-- WHAT IS BEING ASKED --
Return, with both end lines included, exactly what the data below holds from the line with "(서울=뉴스1) 김명섭 기자" through the line with "Baby crib patchwork", though not the pictures.

-- DATA EXTRACTS --
★ ★ ★
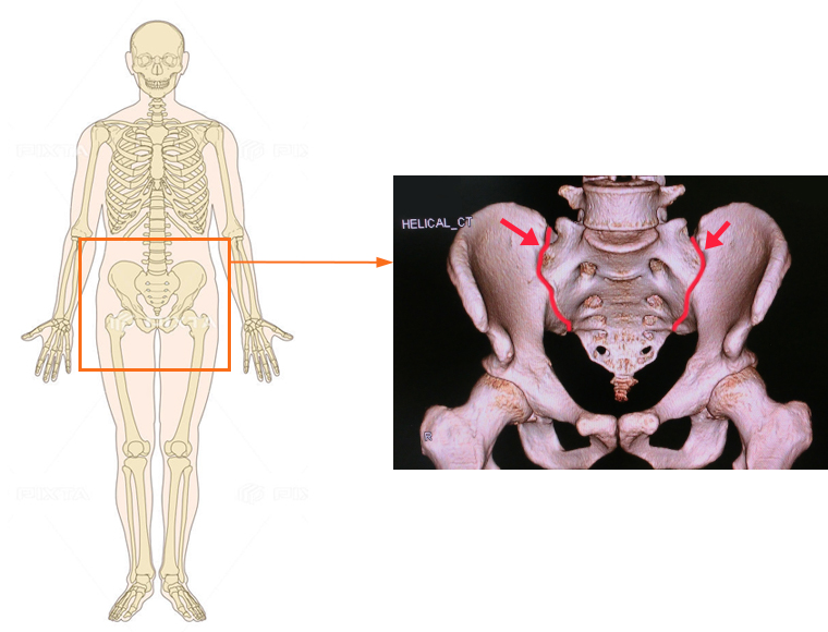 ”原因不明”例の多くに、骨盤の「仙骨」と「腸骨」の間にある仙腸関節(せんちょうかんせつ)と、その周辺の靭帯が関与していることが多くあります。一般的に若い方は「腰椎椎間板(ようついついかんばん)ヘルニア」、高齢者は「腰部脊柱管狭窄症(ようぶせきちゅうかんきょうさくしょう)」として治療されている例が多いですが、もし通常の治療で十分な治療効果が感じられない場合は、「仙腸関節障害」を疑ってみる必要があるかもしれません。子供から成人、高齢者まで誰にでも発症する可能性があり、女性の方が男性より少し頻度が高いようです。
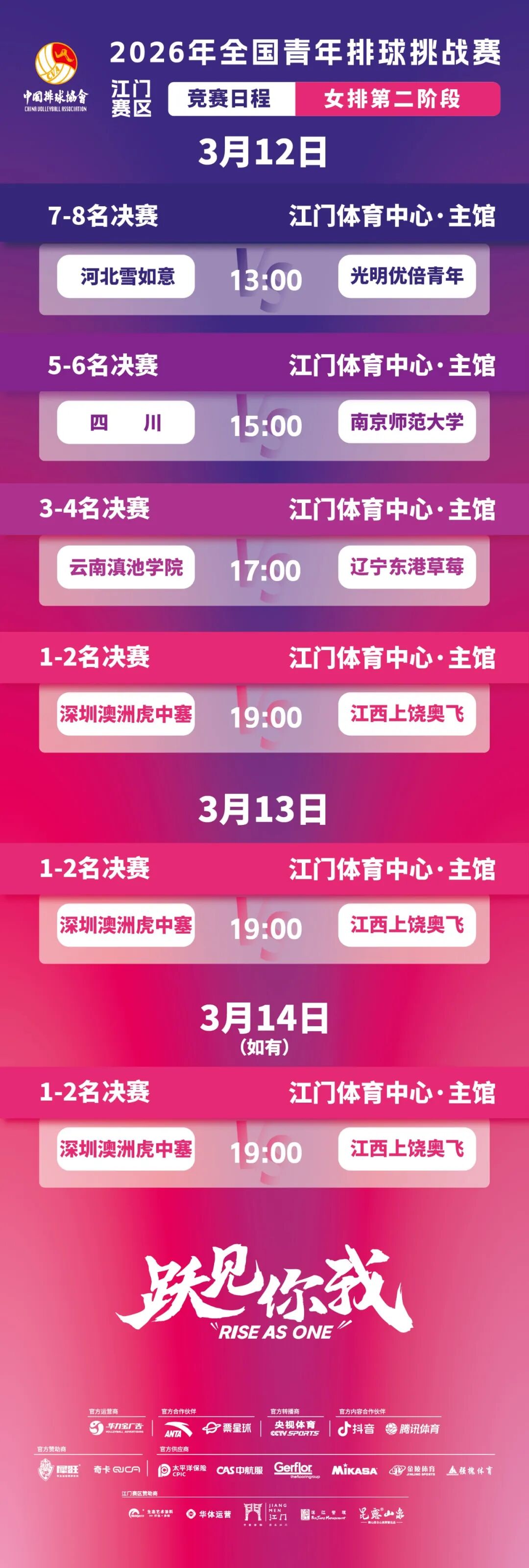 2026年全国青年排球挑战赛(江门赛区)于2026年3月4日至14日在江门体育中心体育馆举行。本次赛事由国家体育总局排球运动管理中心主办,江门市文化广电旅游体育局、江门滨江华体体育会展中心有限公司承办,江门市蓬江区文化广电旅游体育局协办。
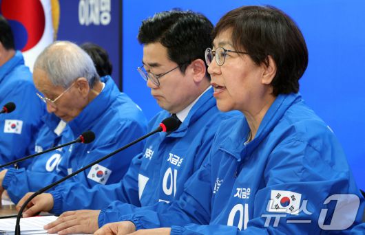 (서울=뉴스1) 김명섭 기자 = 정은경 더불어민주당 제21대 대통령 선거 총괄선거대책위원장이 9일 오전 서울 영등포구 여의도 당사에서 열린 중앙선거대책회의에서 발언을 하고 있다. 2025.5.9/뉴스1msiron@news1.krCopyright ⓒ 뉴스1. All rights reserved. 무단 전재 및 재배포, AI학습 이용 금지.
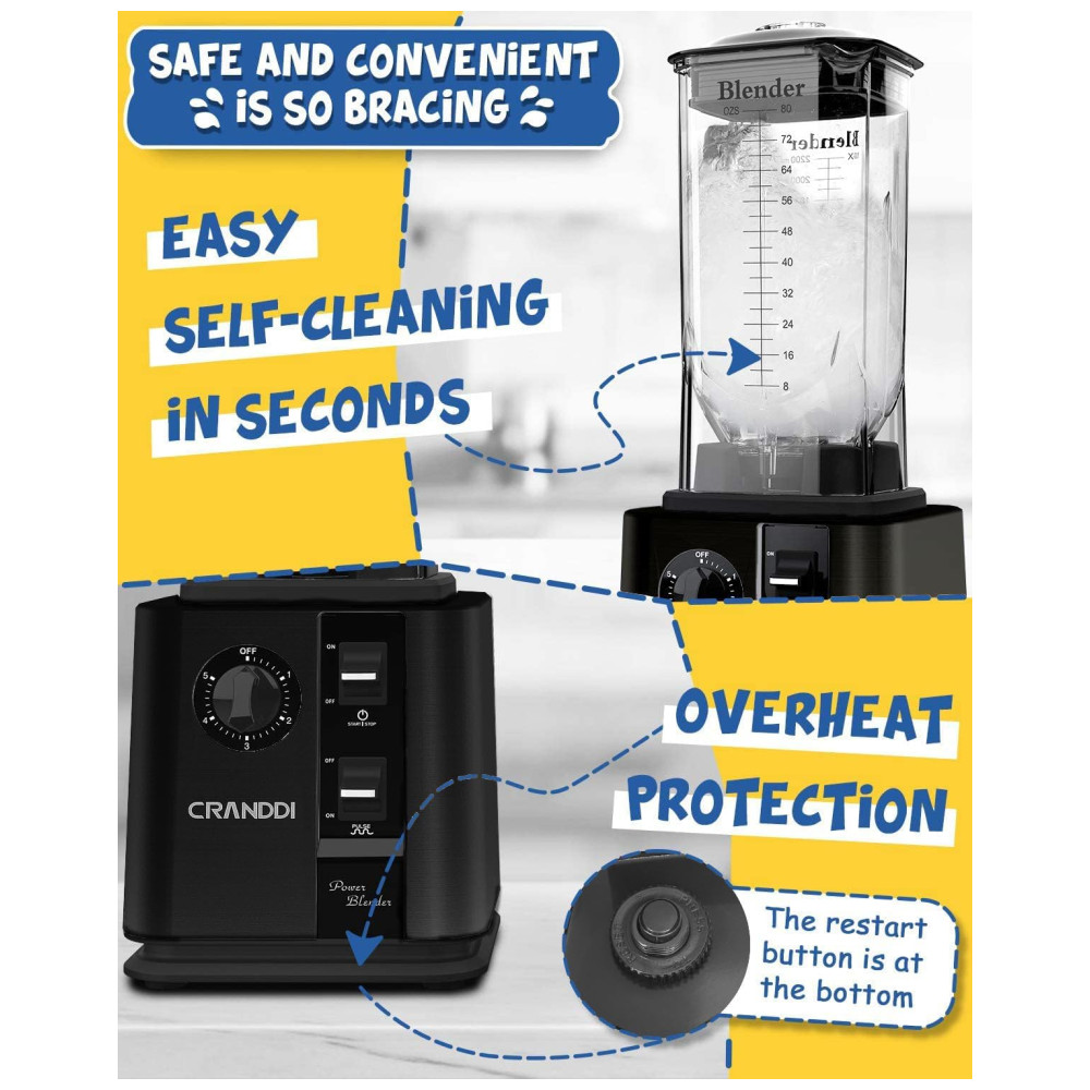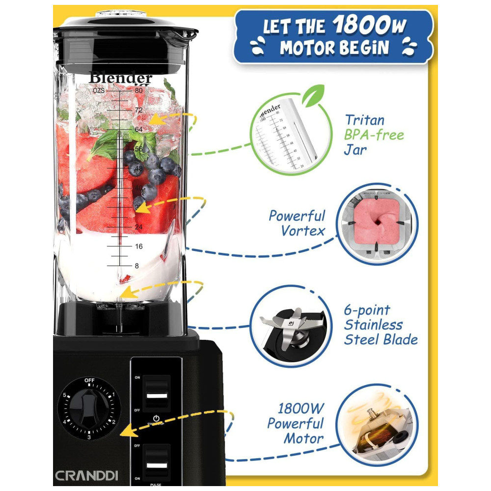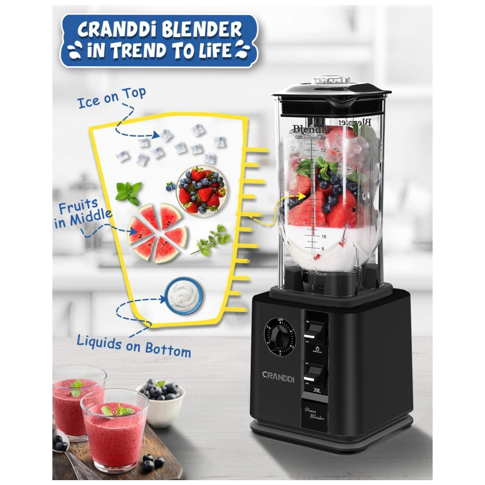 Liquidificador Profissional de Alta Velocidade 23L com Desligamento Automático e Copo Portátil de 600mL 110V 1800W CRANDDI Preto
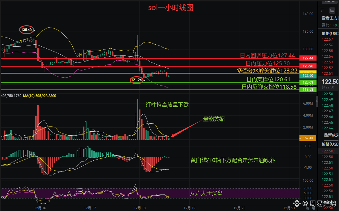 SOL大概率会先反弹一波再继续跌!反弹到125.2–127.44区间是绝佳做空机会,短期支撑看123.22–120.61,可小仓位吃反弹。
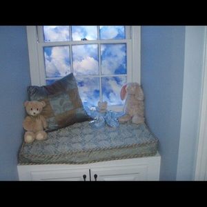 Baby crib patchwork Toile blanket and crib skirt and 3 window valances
★ ★ ★
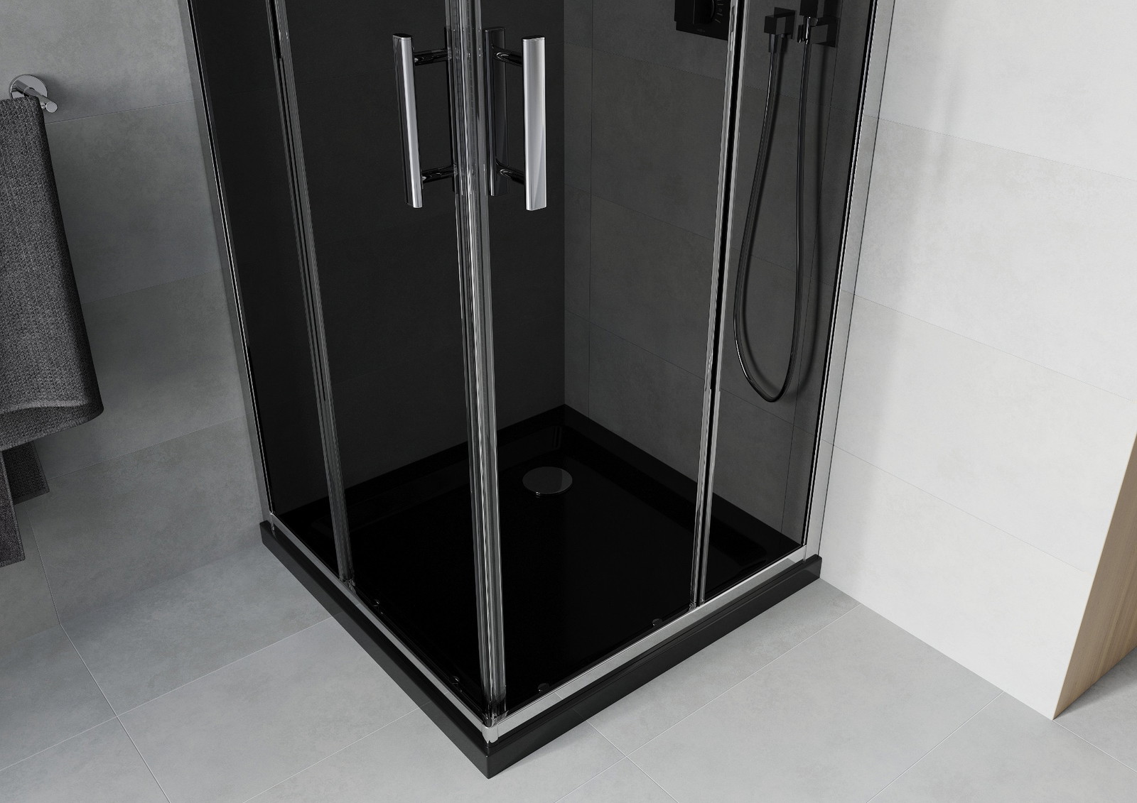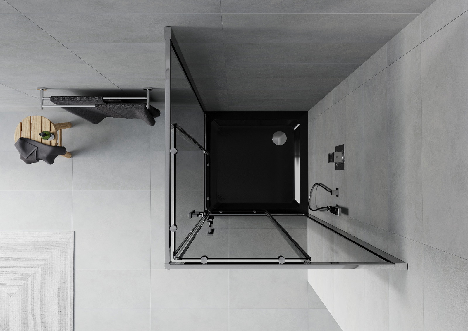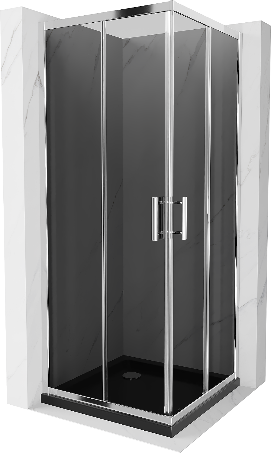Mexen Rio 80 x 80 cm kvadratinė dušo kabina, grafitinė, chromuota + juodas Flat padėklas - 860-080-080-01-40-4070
★ ★ ★
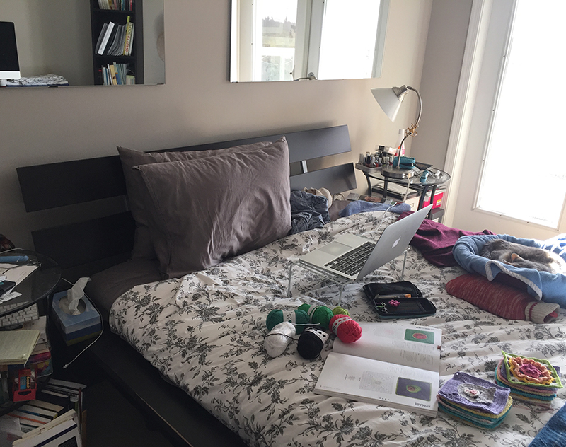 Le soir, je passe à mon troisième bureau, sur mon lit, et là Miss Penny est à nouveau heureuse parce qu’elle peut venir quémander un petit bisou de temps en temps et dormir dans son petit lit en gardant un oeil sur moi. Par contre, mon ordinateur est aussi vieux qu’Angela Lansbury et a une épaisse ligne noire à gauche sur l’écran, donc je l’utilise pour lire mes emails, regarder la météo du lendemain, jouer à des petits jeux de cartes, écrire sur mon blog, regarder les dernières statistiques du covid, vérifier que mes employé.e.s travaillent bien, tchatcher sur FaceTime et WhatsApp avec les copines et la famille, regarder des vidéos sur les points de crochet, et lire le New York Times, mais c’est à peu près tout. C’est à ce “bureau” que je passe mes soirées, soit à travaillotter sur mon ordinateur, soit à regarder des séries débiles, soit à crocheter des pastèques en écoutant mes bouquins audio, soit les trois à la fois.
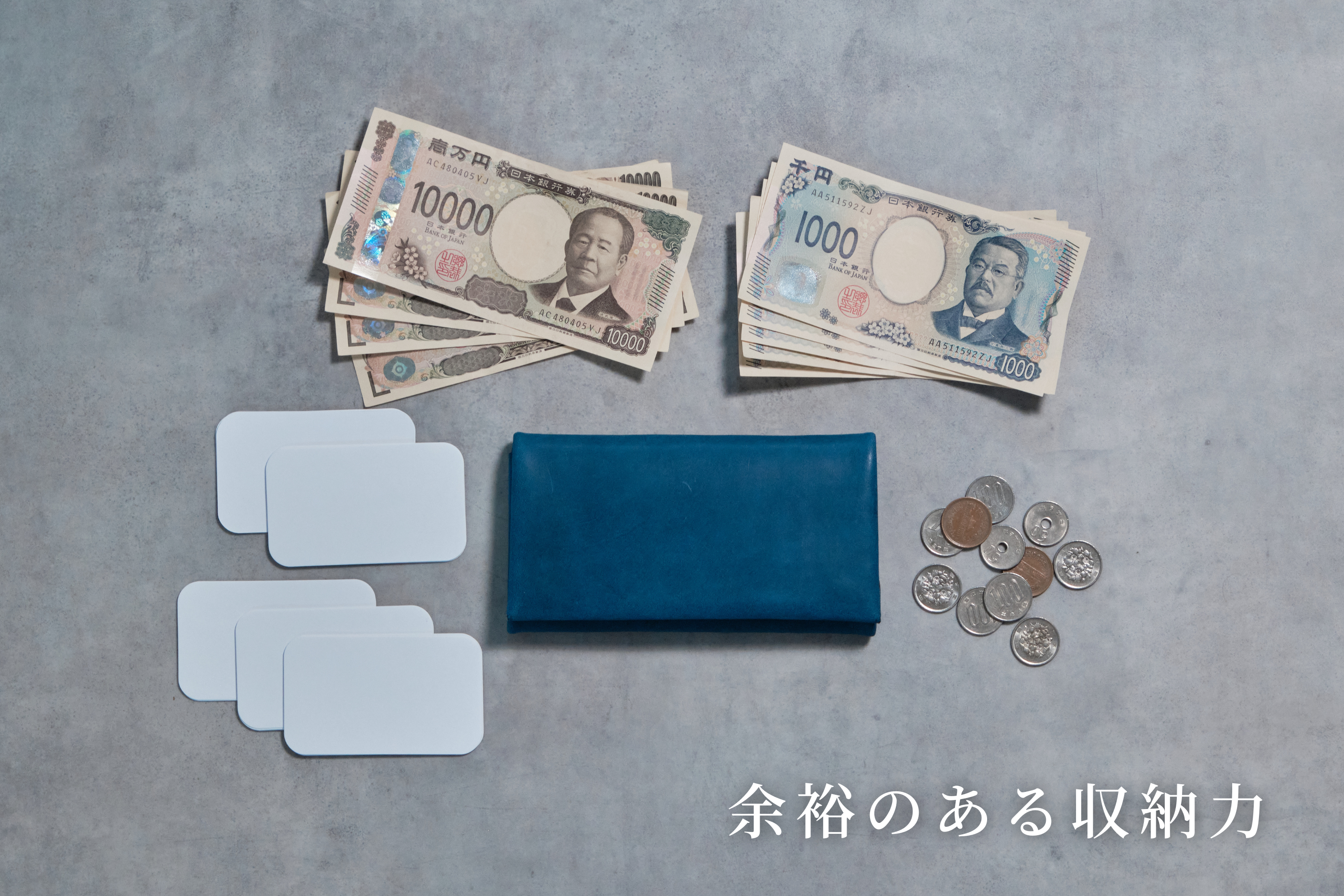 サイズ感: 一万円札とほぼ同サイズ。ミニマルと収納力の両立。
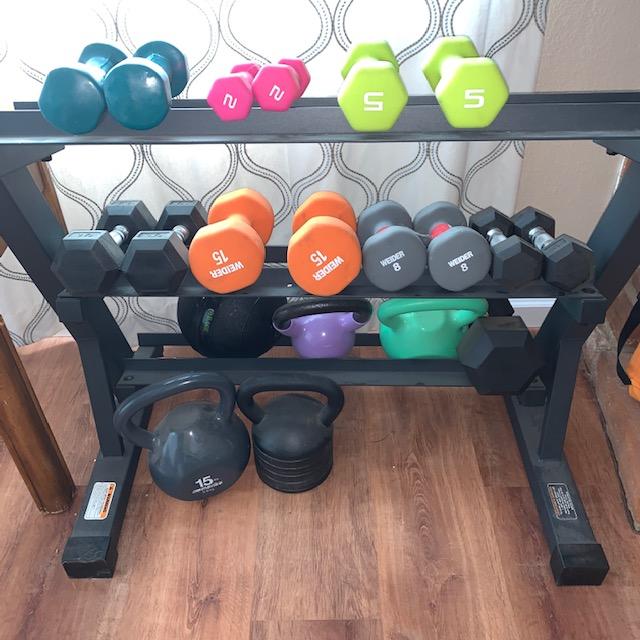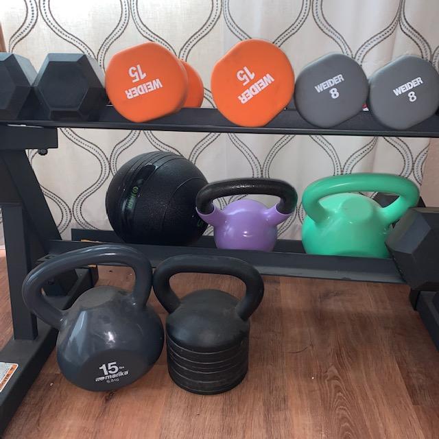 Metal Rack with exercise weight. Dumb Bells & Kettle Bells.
★ ★ ★
-- ANSWER FOR THE TASK --
 (서울=뉴스1) 김명섭 기자 = 정은경 더불어민주당 제21대 대통령 선거 총괄선거대책위원장이 9일 오전 서울 영등포구 여의도 당사에서 열린 중앙선거대책회의에서 발언을 하고 있다. 2025.5.9/뉴스1msiron@news1.krCopyright ⓒ 뉴스1. All rights reserved. 무단 전재 및 재배포, AI학습 이용 금지.
 Liquidificador Profissional de Alta Velocidade 23L com Desligamento Automático e Copo Portátil de 600mL 110V 1800W CRANDDI Preto
 SOL大概率会先反弹一波再继续跌!反弹到125.2–127.44区间是绝佳做空机会,短期支撑看123.22–120.61,可小仓位吃反弹。
 Baby crib patchwork Toile blanket and crib skirt and 3 window valances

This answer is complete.